Task directions:
What is needed is an exact copy of the entries below, with every picture left out.

Data records
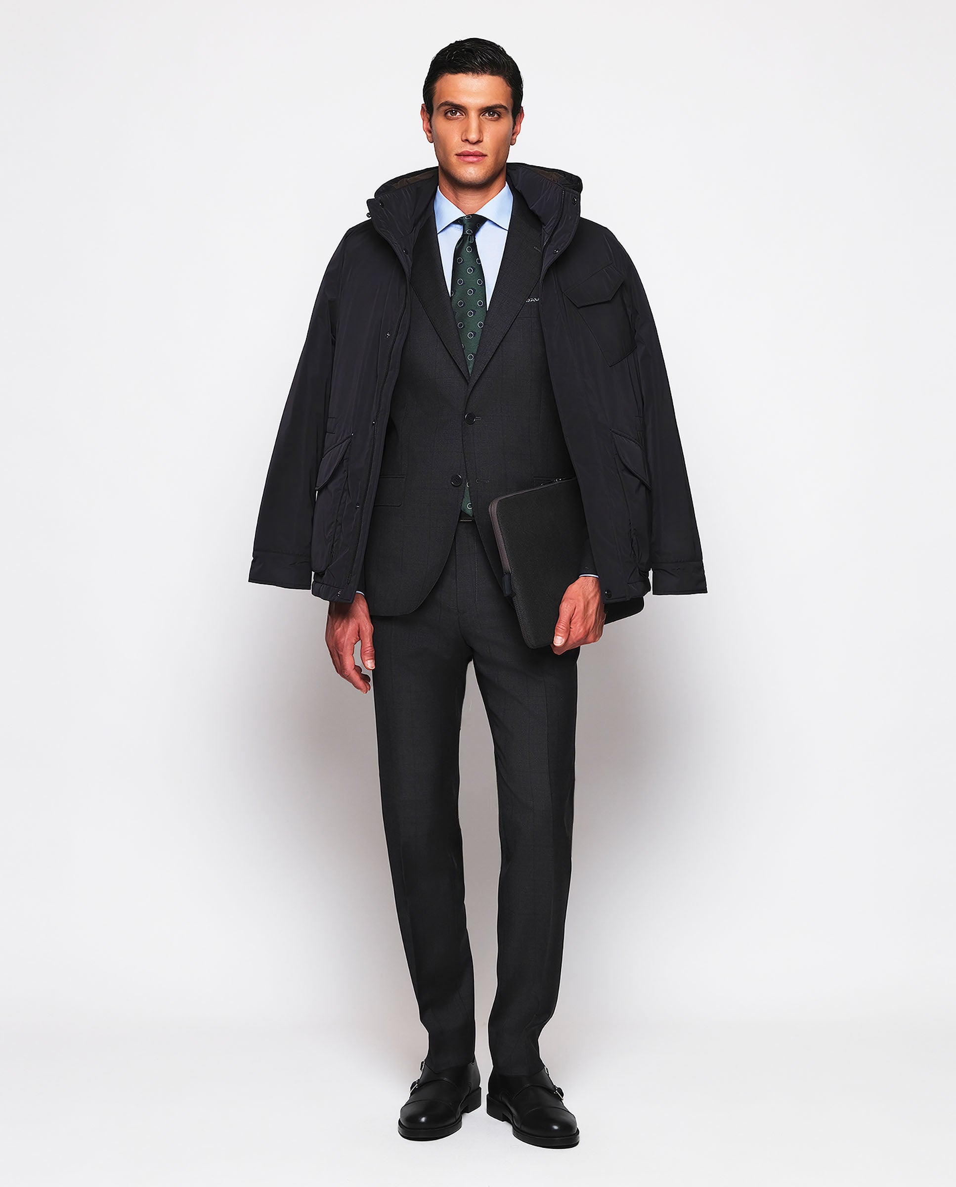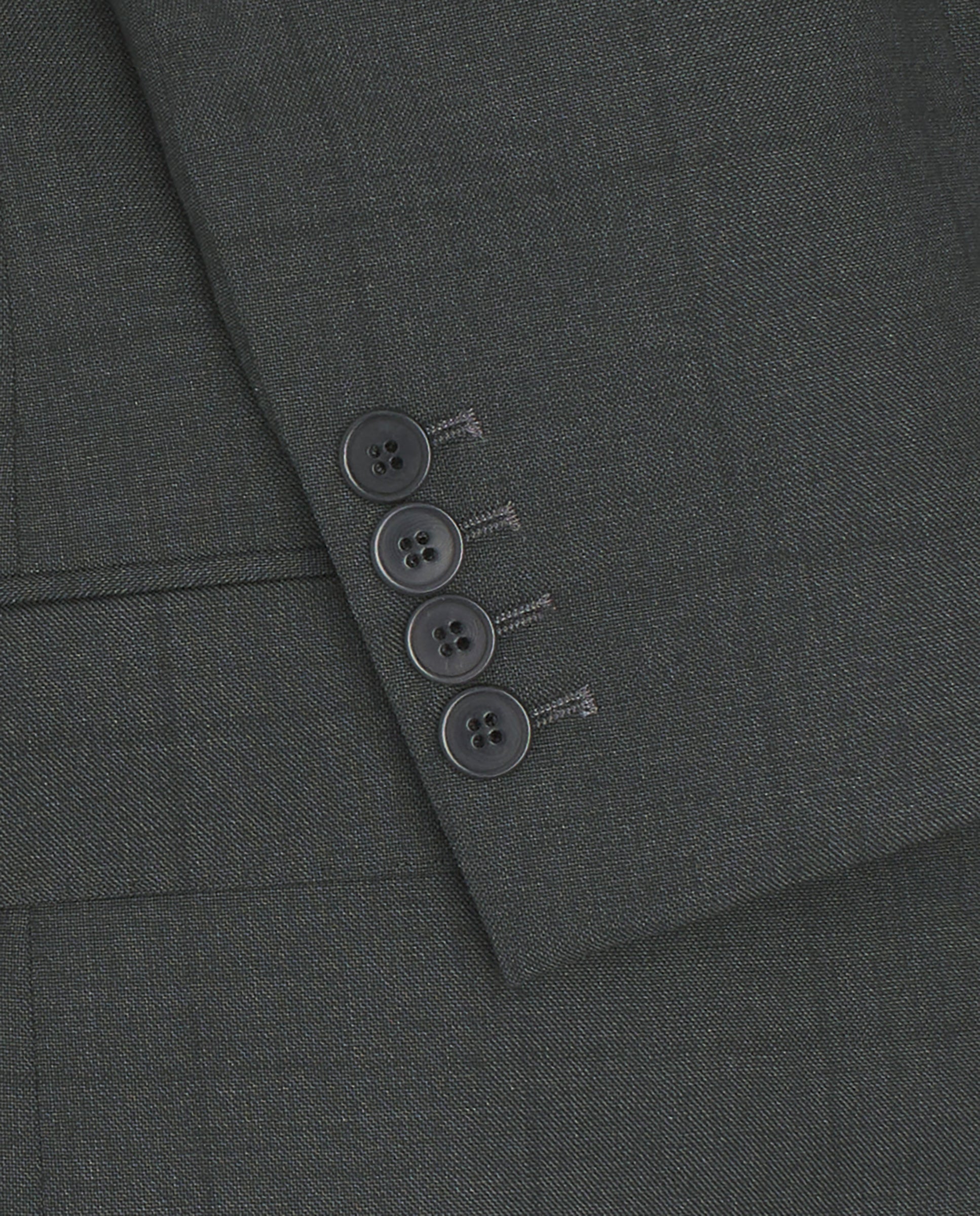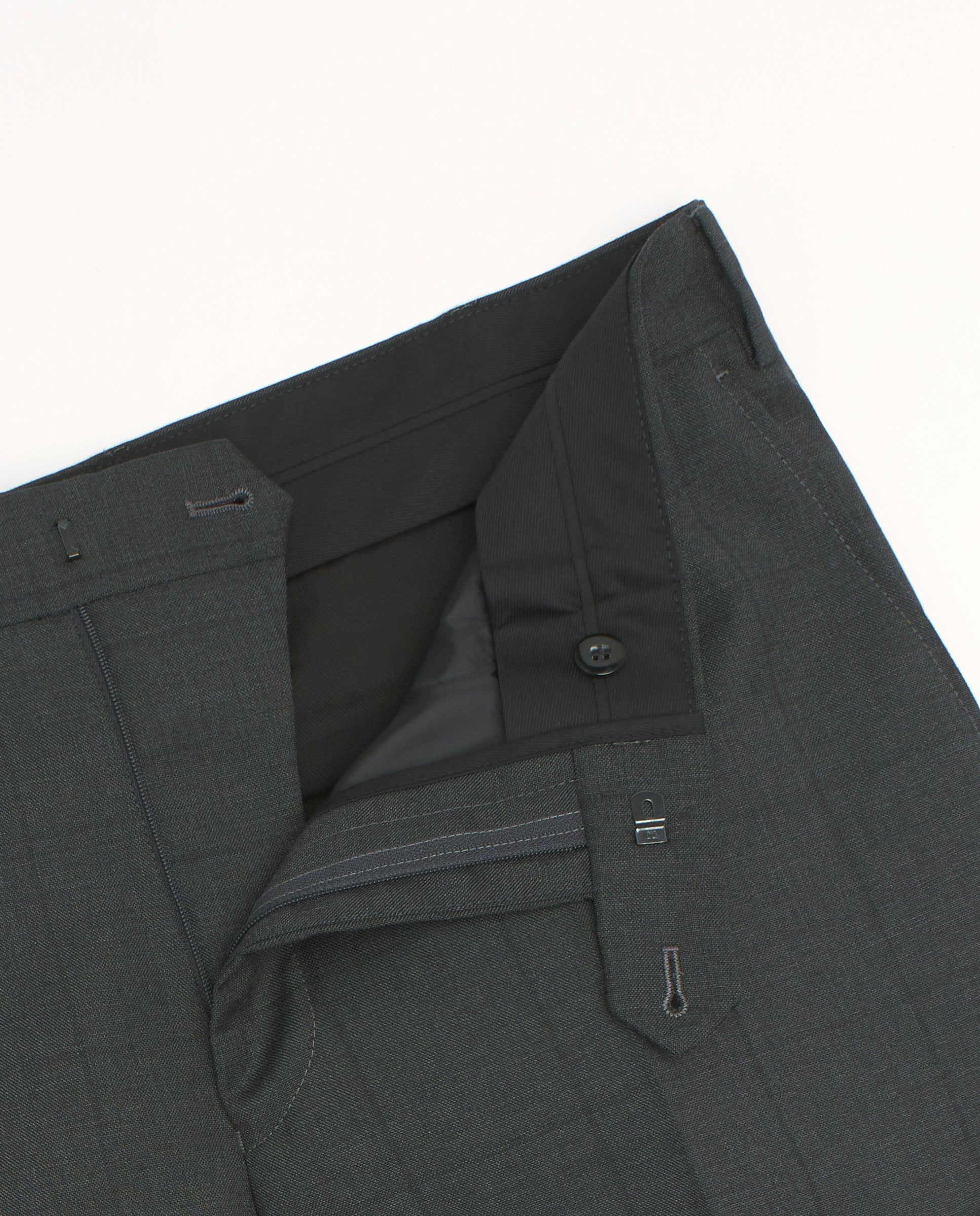Medium gray 100% wool windowpane suit, regular fit. Jacket fully lined, shoulder pads, classic lapels, single-breasted two-button closure, straight flap pocket, side vents. Trousers without darts & slant pockets. A classic grid, a balanced, timeless style.
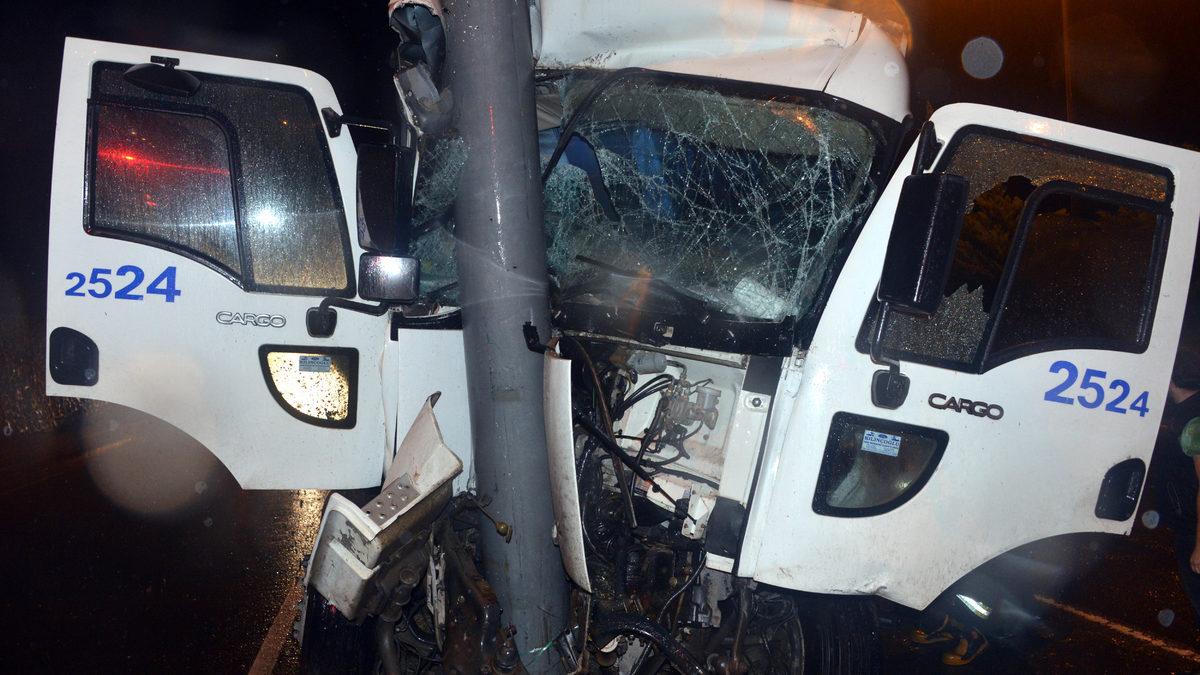 KAHRAMANARAŞ'ta, kontrolden çıkan kamyon tabela direğine çarptı.
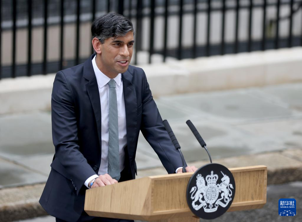 7月5日,苏纳克在英国伦敦唐宁街10号首相府前对媒体发表讲话。新华社记者 李颖 摄pagebreakpagebreak
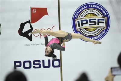 戴大丽在IPSF第二届中国钢管运动锦标赛上作为表演嘉宾进行压轴表演
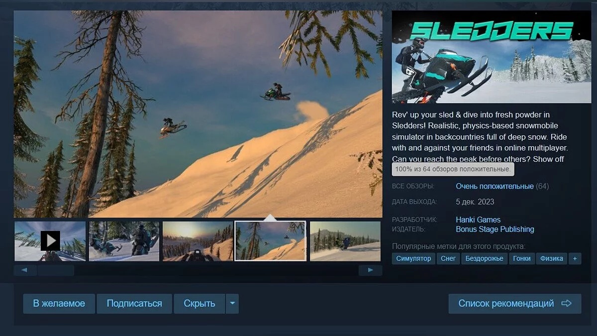 Компания Bonus Stage Publishing и студия Hanki Games выпустили в раннем доступе Steam гоночный симулятор снегохода Sledders, который в первый же день получил 100% положительных отзывов.

Response to the exercise:
Medium gray 100% wool windowpane suit, regular fit. Jacket fully lined, shoulder pads, classic lapels, single-breasted two-button closure, straight flap pocket, side vents. Trousers without darts & slant pockets. A classic grid, a balanced, timeless style.
 KAHRAMANARAŞ'ta, kontrolden çıkan kamyon tabela direğine çarptı.
 7月5日,苏纳克在英国伦敦唐宁街10号首相府前对媒体发表讲话。新华社记者 李颖 摄pagebreakpagebreak
 戴大丽在IPSF第二届中国钢管运动锦标赛上作为表演嘉宾进行压轴表演
 Компания Bonus Stage Publishing и студия Hanki Games выпустили в раннем доступе Steam гоночный симулятор снегохода Sledders, который в первый же день получил 100% положительных отзывов.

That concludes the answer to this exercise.